QROPS schemes who have lost their status and want to relocate to Malta to get back in to the market are unlikely to win approval from regulators.
The head of the Malta Financial Services Authority (MFSA) has already hinted that the island is not a back door in to selling offshore pensions for providers who have had to close for business elsewhere.
MFSA head Joseph Bannister has made clear the island is not courting any of the 300 QROPS schemes that had to close in Guernsey as a result of a tax crackdown by HM Revenue & Customs.
He also confirmed that the MFSA was not handling applications from providers to open new QROPS in Malta.
“In November 2009, Malta, after much close work with HMRC, received its QROPS status and the MFSA approved its first schemes in the months following,” said Bannister.
“Malta continues to work closely with HMRC on its QROPS and we would be very careful about which schemes we would allow to establish here.
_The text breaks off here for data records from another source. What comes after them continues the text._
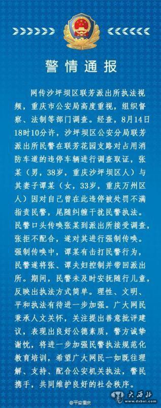 今日中午,重庆市公安局发布了“网传沙坪坝区联芳派出所执法视频”的警情通报。通报称,8月14日,民警在对占用消防车道的违停车辆进行调查取证时,当事人因对自己曾在此违停被处罚不满指责民警,尾随纠缠干扰民警执法。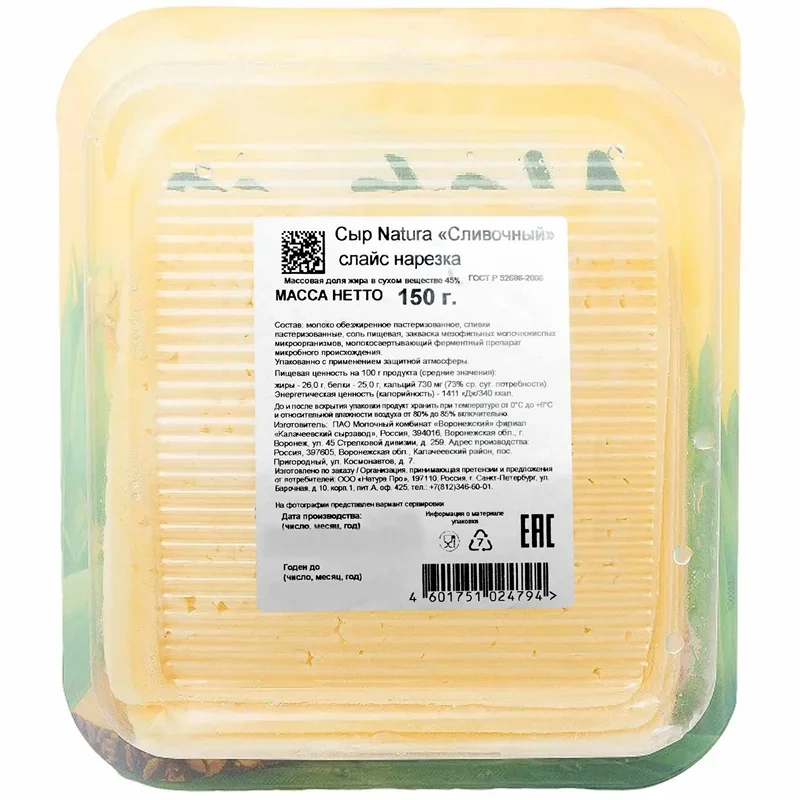 Сыр Natura Сливочный полутвердый нарезка 45%, 150г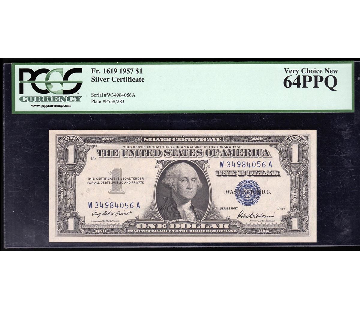 One 1957 $1 Silver Certificate Note PCGS 64PPQ Very Choice New. PCGS Graded.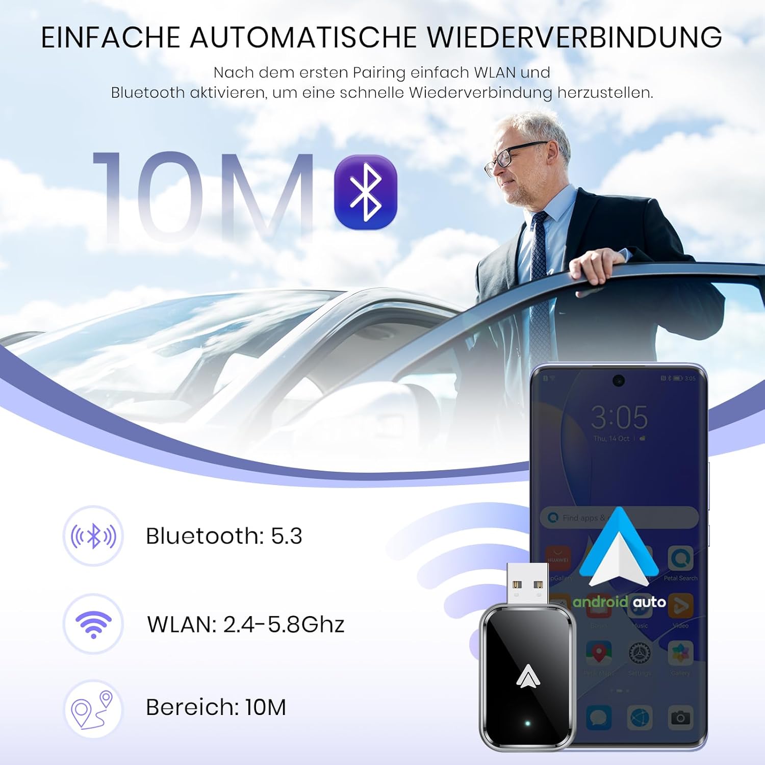 • 【Лесно свързване и автоматично повторно свързване】Свържете адаптера само в 3 лесни стъпки: Включване → Сдвояване → Възпроизвеждане. След първоначалното сдвояване, вашият Android смартфон ще се свързва безпроблемно и автоматично с Wireless Android Auto всеки път, когато стартирате колата си. С бързото време за стартиране и плавното автоматично повторно свързване, можете да потеглите веднага, без да чакате.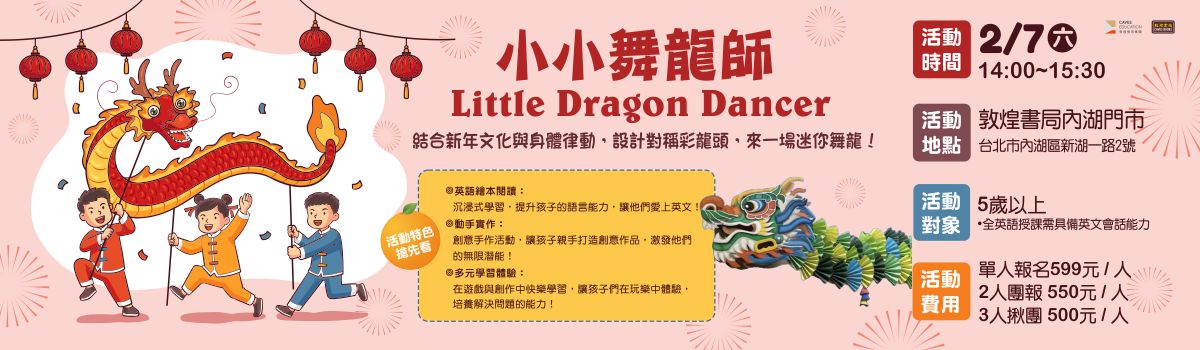 假日親子充電站 | STEAM & STORY 素養活動 每月主題活動帶孩子進入奇幻情境, 結合英語繪本、創意手作與STEAM體驗, 啟發語言力、想像力與觀察力!主題: 結合新年文化與身體律動,設計對稱彩龍頭,來一場迷你舞龍!

If schemes have had their QROPS status removed, for instance, then it is unlikely the MFSA would want to approve them.”
Malta has 10 pension schemes on the latest HMRC list.
The island is tipped as an ideal destination for QROPS, because as a full member of the European Union the MFSA runs strict financial regulation and the government has tax treaty ties with many other countries.
The lack of applications from Guernsey QROPS providers may also relate to behind-the-scenes negotiations between the island’s tax authority and HMTC over reinstatement of at least some of the closed schemes.
Guernsey is updating pension laws to realign the island’s QROPS with HMRC tax rules – with the details expected to be rubber-stamped in September before the States parliament.